You could use the .apply() method instead. For instance, by sorting your whitelist (A) descending by length, iterate over each row of your value DataFrame (B) and return each first match:
import pandas as pd
import re
# Using the definitions for A and B from your question,
# where A is sorted descending by length.
def first_match(x):
for index, row in A.iterrows():
if bool(re.search(row['wildcards'], x['server_hostname'])) is True:
return row['wildcards']
B['wildcards'] = B.apply(first_match, axis=1)
B
Output:
server_hostname wildcards
0 mobile.pipe.aria.microsoft.com (.*)microsoft.com
1 settings-win.data.microsoft.com (.*)settings-win.data.microsoft.com
2 nav.smartscreen.microsoft.com (.*)smartscreen.microsoft.com
3 v10.vortex-win.data.microsoft.com (.*)v10.vortex-win.data.microsoft.com
4 www.microsoft.com (.*)microsoft.com
It might also be worth reading up on the split-apply-combine pattern for more advanced strategies. I hope that helps.
Upvotes: 0
Reputation: 83
The purest pandas approach that I could find involves running Series.str.match() on B.server_hostname for each regex, then taking the first match from each column with idxmax().
# Create input data
A = pd.DataFrame({'wildcards' : ['(.*)activation.playready.microsoft.com',
'(.*)v10.vortex-win.data.microsoft.com',
'(.*)i.microsoft.com', '(.*)microsoft.com'],
'regex' : [re.compile('^(.*)activation.playready.microsoft.com$'),
re.compile('^(.*)v10.vortex-win.data.microsoft.com$'),
re.compile('^(.*)i.microsoft.com$'),
re.compile('^(.*)microsoft.com$')]})
B = pd.DataFrame({'server_hostname' : ['v10.vortex-win.data.microsoft.com',
'www.microsoft.com']})
# Ensure B has a unique index
B = B.reset_index(drop=True)
# Check which regexes match each hostname
df_match = A.regex.apply(lambda x: B.server_hostname.str.match(x))

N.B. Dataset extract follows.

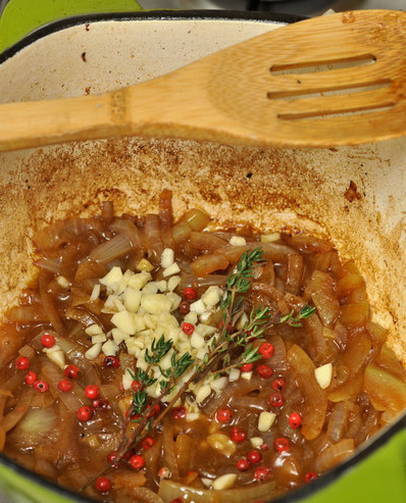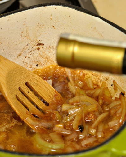 - Als het vlees goed bruin is, voeg je de uien eraan toe.

df_match.index= A.wildcards
df_match.columns=B.server_hostname
# Get first match for each hostname
df_first_match = df_match.idxmax().rename('wildcards').reset_index()
Output:
print(df_match)
print(df_first_match)
server_hostname v10.vortex-win.data.microsoft.com www.microsoft.com
wildcards
(.*)activation.playready.microsoft.com False False
(.*)v10.vortex-win.data.microsoft.com True False
(.*)i.microsoft.com False False
(.*)microsoft.com True True
server_hostname wildcards
0 v10.vortex-win.data.microsoft.com (.*)v10.vortex-win.data.microsoft.com
1 www.microsoft.com (.*)microsoft.com
That said, this seems to be a bit slower than other solutions posted earlier.
Upvotes: 0
Reputation: 375685
An alternative tack, which unfortunately still needs an apply, is to use lastgroup. This entails compiling a single regex and then looking up the name of the matched group (row):
In [11]: regex = re.compile("|".join([f"(?P<i{i}>{regex})" for i, regex in s["wildcards"].items()]))
In [12]: regex
Out[12]:
re.compile(r'(?P<i42>(.*)activation.playready.microsoft.com)|(?P<i35>(.*)v10.vortex-win.data.microsoft.com)|(?P<i40>(.*)settings-win.data.microsoft.com)|(?P<i43>(.*)smartscreen.microsoft.com)|(?P<i39>(.*).playready.microsoft.com)|(?P<i38>(.*)go.microsoft.com)|(?P<i240>(.*)i.microsoft.com)|(?P<i238>(.*)microsoft.com)',
re.UNICODE)
In [13]: B.server_hostname.apply(lambda s: int(re.match(regex, s).lastgroup[1:]))
Out[13]:
146 238
205 40
341 43
406 35
667 238
Name: server_hostname, dtype: int64
In [14]: B.server_hostname.apply(lambda s: int(re.match(regex, s).lastgroup[1:])).map(s.wildcards)
Out[14]:
146 (.*)microsoft.com
205 (.*)settings-win.data.microsoft.com
341 (.*)smartscreen.microsoft.com
406 (.*)v10.vortex-win.data.microsoft.com
667 (.*)microsoft.com
Name: server_hostname, dtype: object
This attribute isn't exposed by pandas (but it might be possible to do something clever with the internals)...
Upvotes: 0
Reputation: 14226
Here is another approach using apply. There is no pure pandas way to do this as far as I know. I also borrowed the data that @vlemaistre provided.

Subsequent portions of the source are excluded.